Una volta ricevuto il vaccino, come faremo a sapere se siamo immuni alla covid? Nell'attuale situazione, la domanda è quantomeno superflua. Tanto per cominciare, perché per liberarci dalla pandemia occorre comunque vaccinare il maggior numero di persone possibile, e concentrarsi sull'ampia protezione offerta dai vaccini: tutti quelli approvati finora, anche quelli con efficacia più ridotta, offrono una protezione pressoché totale contro le forme gravi e letali della malattia. In secondo luogo, perché anche da immuni non potremmo permetterci di abbassare la guardia finché la maggior parte delle persone non sarà vaccinata.
le varianti del virus. Conoscere il livello di protezione immunitaria di ciascuno potrebbe però essere utile in una fase successiva, per valutare se e quando effettuare un richiamo o capire se i vaccinati siano anche protetti contro le varianti del virus. Come ci si sta muovendo, su questo fronte?
Come spiegato sul New Scientist, alcuni test sierologici rapidi usati per individuare le infezioni naturali da coronavirus possono tornare utili per rintracciare gli anticorpi prodotti in risposta ai vaccini dopo tre settimane dalla prima iniezione (il momento in cui inizia a manifestarsi una risposta immunitaria).
i sierologici non bastano. La maggior parte di questi test ricerca gli anticorpi che rispondono alla proteina Spike e, una volta trovati, non riesce a distinguere tra anticorpi dovuti al vaccino o conseguenti a un'infezione. Alcuni, però, ricercano gli anticorpi che riconoscono la proteina virale del nucleocapside che non è contenuta nei vaccini, e quindi non registrerebbero la presenza di una risposta immunitaria conseguente al vaccino.

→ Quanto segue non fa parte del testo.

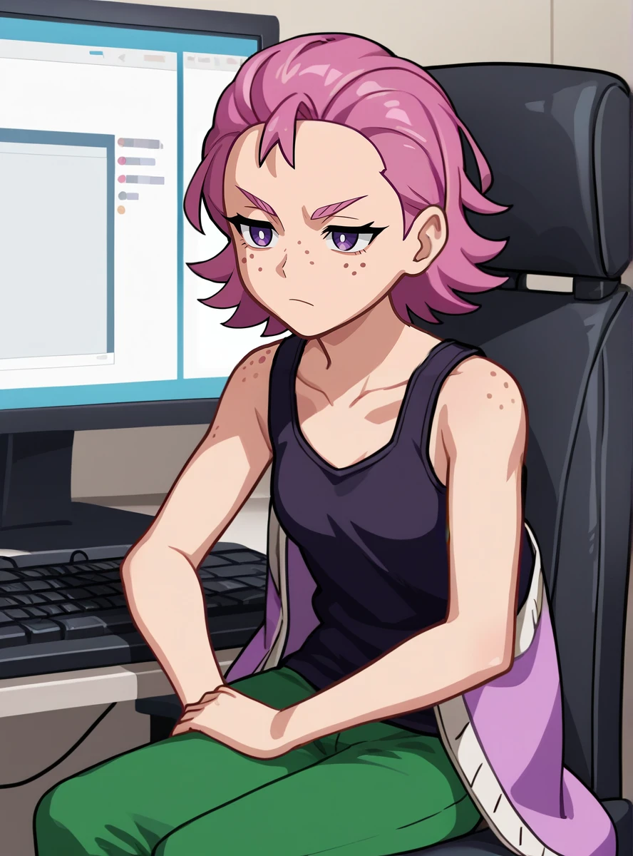 Tied Hair:solo, tiedhairdot, 1girl, pink hair, short hair, , green pants, pants, tank top, sitting,, open jacket, purple eyes, freckles, forehead, hairband

Inoltre, i test commerciali hanno comunque un margine di incertezza, con un 10% di responsi "falsi negativi" (non registrano anticorpi anche dove ci sono), e un 2% di "falsi positivi" (li trovano, ma in realtà non ci sono). Un altro problema è che i test rapidi sierologici misurano semplicemente la presenza o l'assenza di anticorpi ma non la loro quantità che diminuisce nel tempo. Al momento, le uniche persone testate dopo la vaccinazione, sono state registrate per la ricerca e quindi per capire, per esempio, quanto duri la copertura offerta dai preparati di Pfizer, Oxford-AstraZeneca e Moderna.
Indagini più complete. In futuro serviranno test rapidi che rivelino il livello di anticorpi nei vaccinati e la protezione che queste difese offrono contro le varianti del coronavirus. Alcune compagnie di biotecnologie nel Regno Unito e in Germania stanno lavorando a strumenti diagnostici che rilevino non solo gli anticorpi neutralizzanti ma anche le altre componenti chiave del sistema immunitario, come i linfociti T, che prendono di mira direttamente le cellule infettate dal virus, e i linfociti B della memoria incaricati di produrre anticorpi indirizzati contro specifiche proteine virali.

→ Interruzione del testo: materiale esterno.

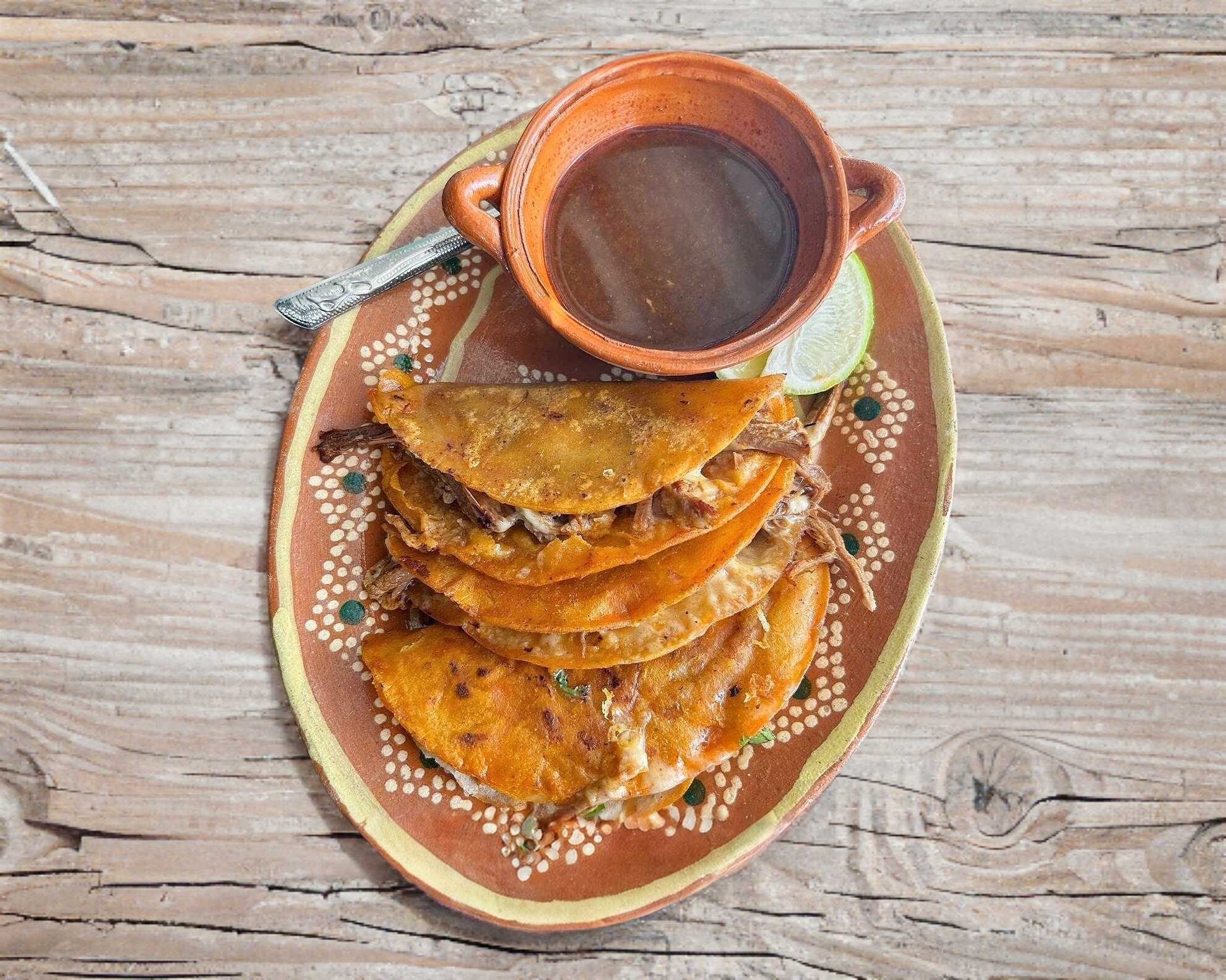3 Quesabirrias (tortilla grande) más consomé natural chico.

Attualmente, questi altri attori immunitari non vengono identificati dai test anticorpali, ma in futuro sarà fondamentale studiarli per capire quando intervenire con un vaccino di richiamo.
Nel frattempo, neanche i vaccinati dovrebbero comportarsi da immuni. Finché non saremo usciti dalla fase critica della pandemia è prudente trattare tutti come persone suscettibili se non alla malattia, almeno al contagio e alla trasmissione. Non sappiamo, infatti, in che misura i vaccini riducano anche la circolazione asintomatica del virus.
Massima prudenza. Proprio per questo il Ministero della Salute in Italia ha indicato che anche i vaccinati entrati in contatto con un positivo debbano mettersi in isolamento fiduciario per dieci giorni, ed effettuare un tampone di controllo prima di tornare alla vita "normale". Anche i vaccinati potrebbero infatti risultare positivi, come osservato su alcuni sanitari già immunizzati con covid ma del tutto asintomatici. Non sappiamo se un vaccinato contagiato possa trasmettere il virus a sua volta, ma non possiamo concederci questo rischio.